The dry fleece is carded to straighten the fibres and have them running the same way. If I’m using hand-carders, my mind invariably goes back to all the young daughters of Llangollen cottage-dwellers who would have learnt to do this by the age of five.
When my sack of carded fleece is full, the joy begins. Treadling softly, I listen to the rhythmical wooden clicks as the spinning wheel turns. The fleece draws through my fingers, twisting into yarn, before disappearing through the orifice onto the spindle. Ideas are drifting and spinning slowly in and out of my mind as the fleece in the bag gradually diminishes and the yarn on my spindle grows. My next weaving project. Coffee. The devastating impact of the industrial textile industry. (Worldwide, it’s responsible for creating undervalued fabric at the expense of others’ well-being, and at huge cost to the environment).
Hand-spinning is slow. This very slowness allows a relationship with the yarn to develop. A gratitude for the work that goes into rearing the animals producing it. An appreciation of the natural dynamic qualities of wool, which we can only imitate but not replicate commercially.

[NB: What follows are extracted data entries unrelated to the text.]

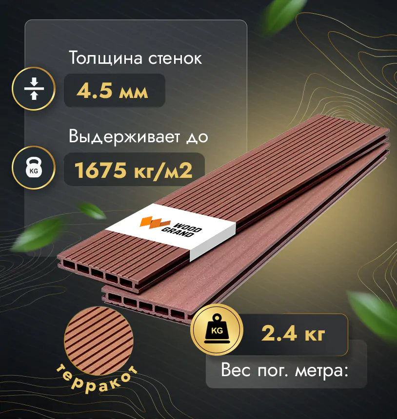 Конечно, террасная доска, цена которой невысока, пользуется огромным спросом. В каталоге представлена также продукция для коммерческого использования с повышенными прочностными характеристиками. Поэтому наша террасная доска, купить недорого которую можно как для домашних патио или для летних кафе с высокой проходимостью.
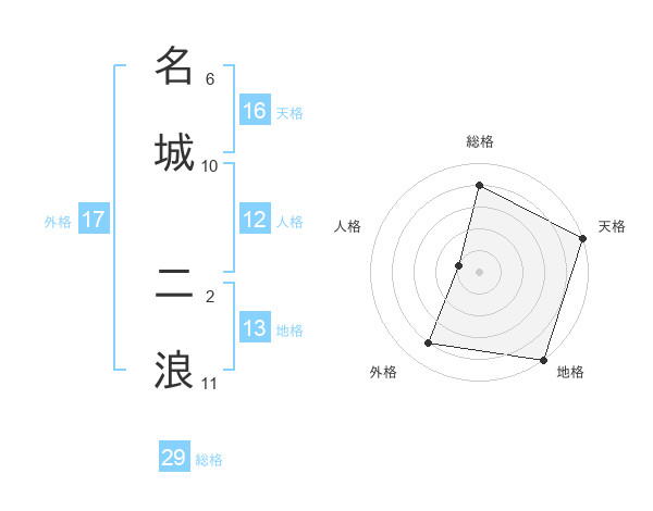 名城 二浪さんの総格は29画の4点!
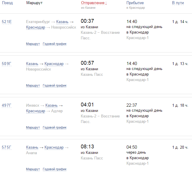Одним из самых простых вариантов добраться до Краснодара из Казани является железнодорожный транспорт. Продолжительность такой поездки - не более 44 часов.
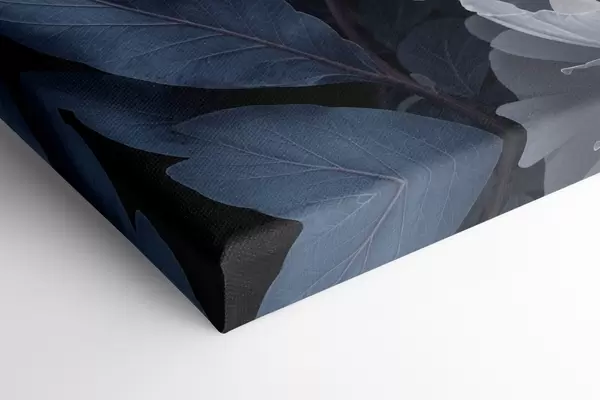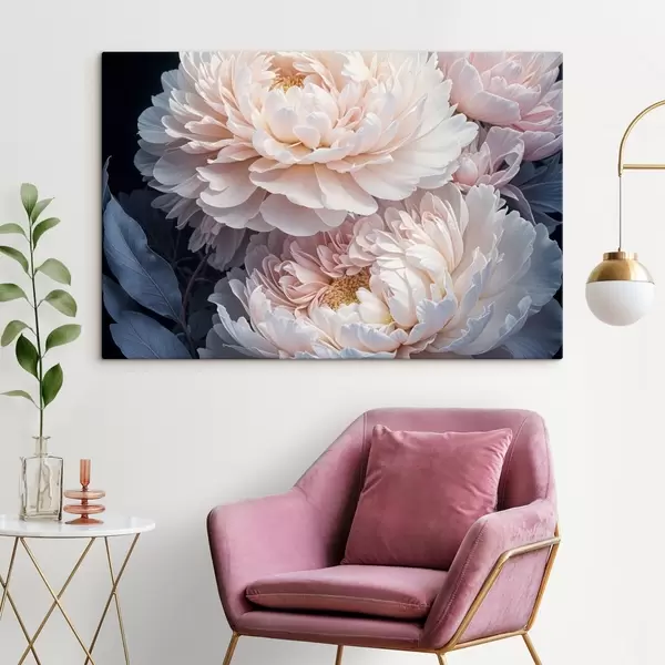 Peinture Délicates pivoines rose pastel aux pétales doux et duveteux et feuilles bleues sur fond sombre Art. s41092
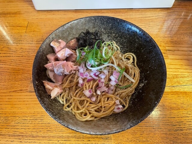 シャキシャキの玉ねぎと細かいチャーシューに、煮干し出汁が絡まり抜群の美味しさを醸し出します。
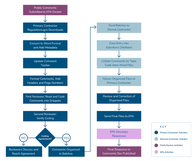 The existing public comment processing system follows a structured workflow beginning with comment submission to the EPA dockets and concluding with published response documents (see Figure 1). Comments are downloaded from regulations.gov, converted to standardized formats, categorized by topic codes, and organized for EPA technical review. Multiple quality assurance steps ensure accurate categorization and comprehensive coverage.

My first spindle full, I start on the second. Already, ideas for what it will become are beginning to formulate. The yarn from both spindles is plied together, then gently hand-washed to settle the ply and reduce the twist. The wool is wrapped into balls ready for weaving. It could become the next cushion cover, bedside rug, or wall hanging, whatever takes my fancy. I wonder about the journey the fabric will eventually take. The stories it will have to tell, the lives it will touch. How well will it age? Where will it meet its end?
Spinning the seasons
Fabric has a similar ageing process to my own. Colours fading, textures softening, strength gradually giving way, maybe time to consider a different purpose, a growing fragility, leading to eventual composting. Even our expected life spans are far more similar to wool than to those of stone or wood.
Forward planning is kept to the bare minimum. I rarely have any idea how something will look when it’s completed. No two pieces of work are ever the same, it’s just what emerges on the day. Tension, colour, and design are influenced by how I feel in the moment. Slow working and even slower walking is helping me to become more environmentally grounded. I no longer subscribe to dire media predictions of gloomy despair over the weather. I feel as if I’m moving away from the pre-ordained seasonal change dates on the calendar, and reclaiming the natural tempo of the rural life of my childhood.

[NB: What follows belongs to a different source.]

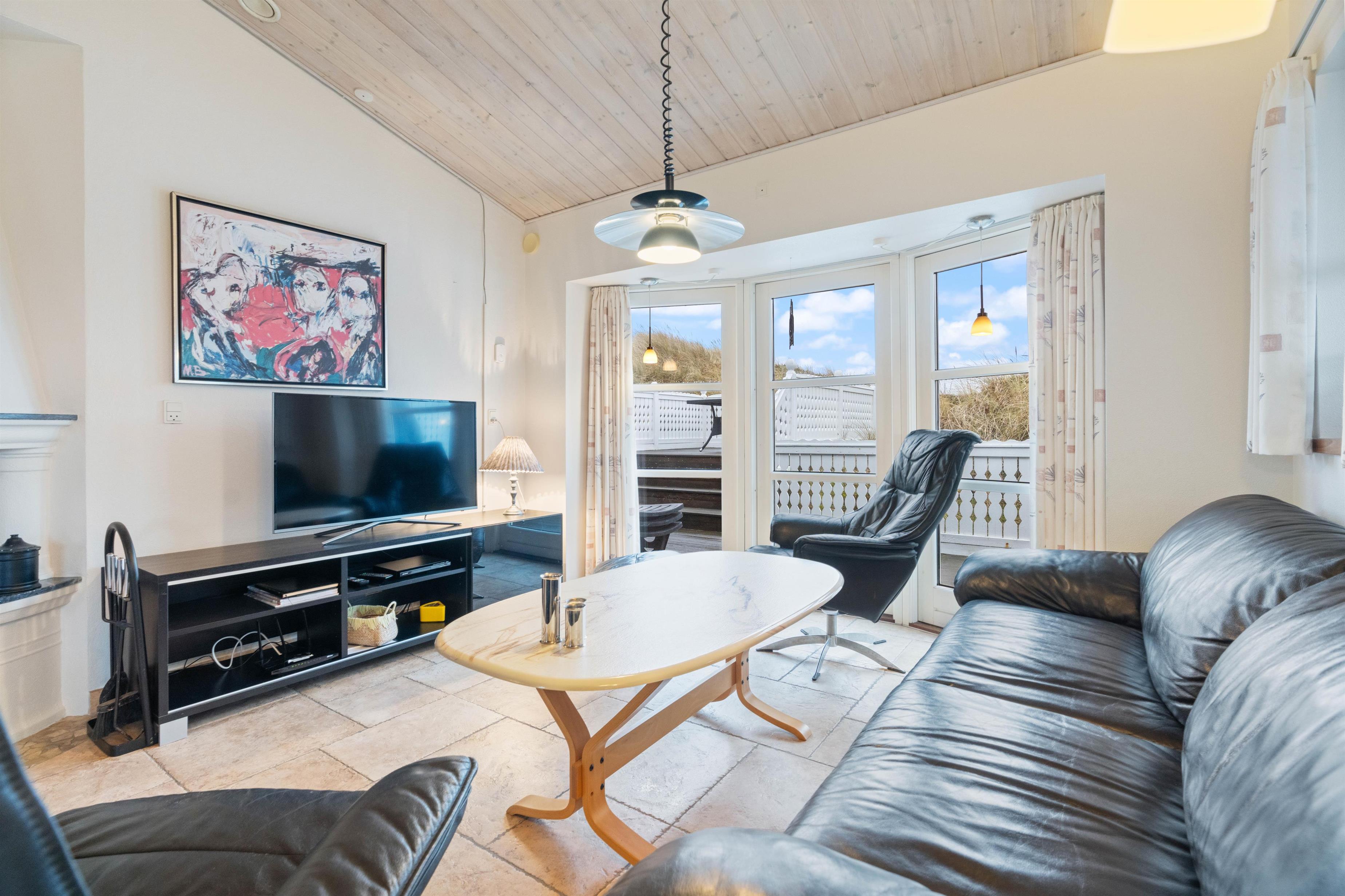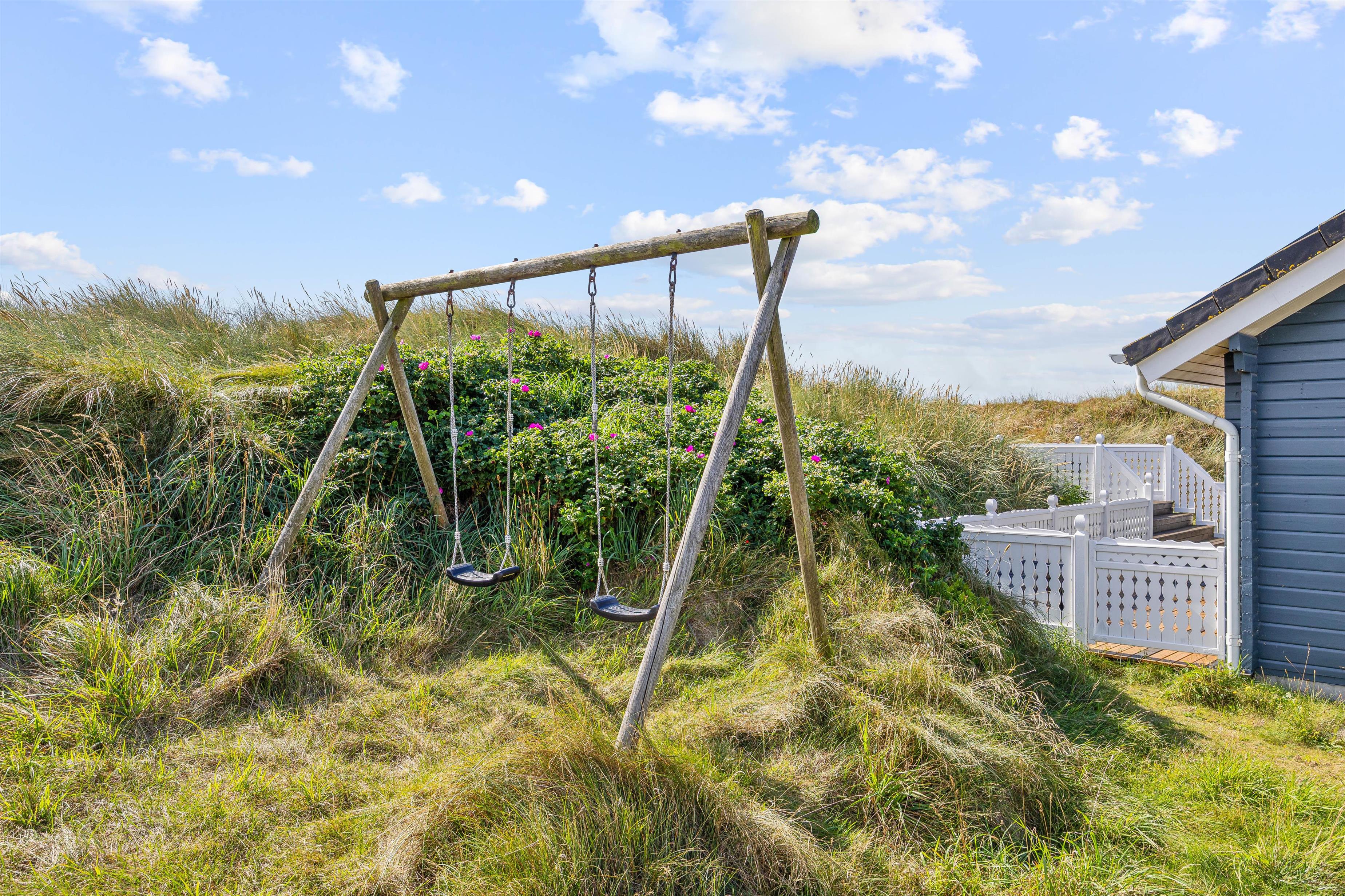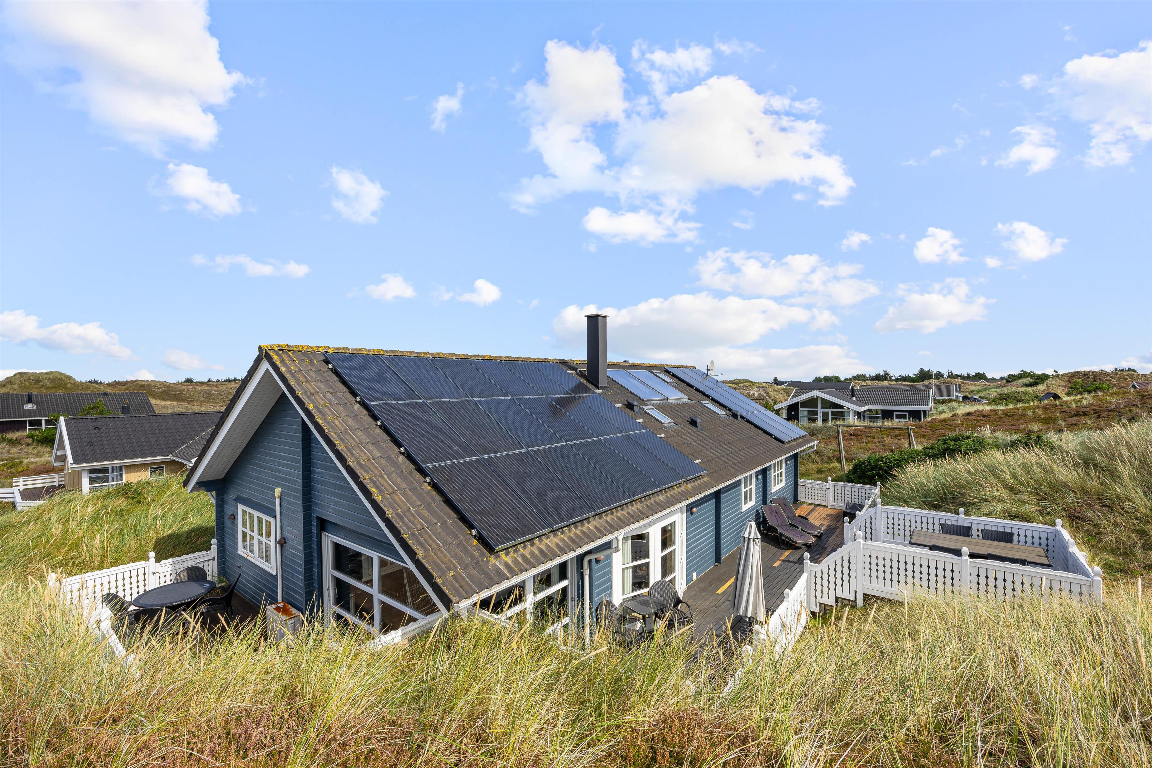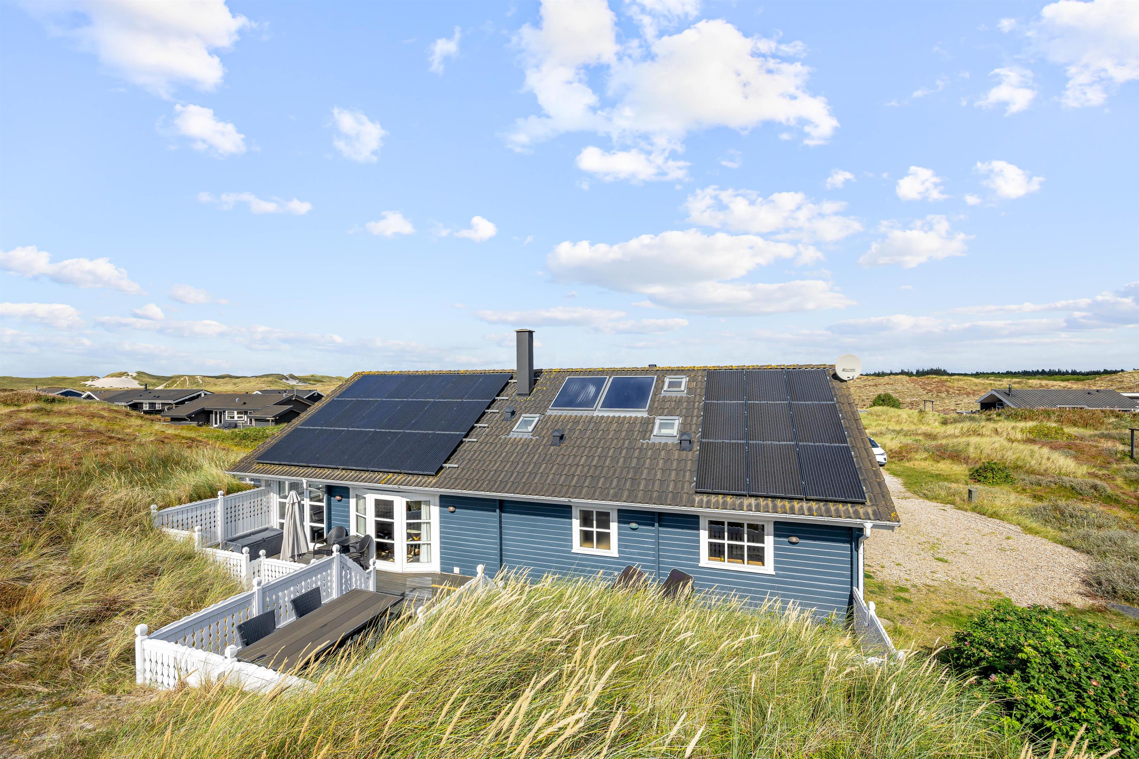 På den skønne, lukkede terrasse kan I uforstyrret kan nyde morgenkaffen og hyggelige grillaftener. En del af terrassen er overdækket, så selv i det til tider drilske danske sommervejr kan I sidde ude og nyde den friske vesterhavsluft. Fra terrassen har I en flot udsigt til de marehalmsklædte klitter, der kendetegner naturen ved Vesterhavet.

As each season comes, it brings its own delights. Spring is now my new year. I love the unpredictability of our weather. I’m lucky enough to find pleasure in the dullest of days, just as easily as in bright sunshine. The weather, in all its moods, is there for me to embrace and enjoy. A strange life indeed, if I could only smile on a sunny day.
I’ve noticed more and more how seasonal change influences my colour choice. Occasionally I’m asked to produce something with a specific colour scheme. If I’m at odds with the requested colours, the process loses its joy and needs to be completed quickly so I can move on.
Spinning, weaving, sewing by hand, and most other heritage textile skills are all slow. By their very nature they force me to give a process my full attention. If I’m wholly present and noticing the changes as they emerge from my fingers right there in front of me, I find it particularly difficult to dwell on the past, or stress about the future. The repetitive aspects of the work provide me with calming and thoughtful headspace, while giving me the opportunity to create and produce with ease. The process is so energising; the more I do the better I feel. A slow state of flow.
I need to forage, therefore I walk. I need to walk, therefore I forage. I don’t have a TV or radio. My life is busy, but simpler and calmer. My joy is to create, then gift creation to those who also wish to celebrate our traditions and shared landscape.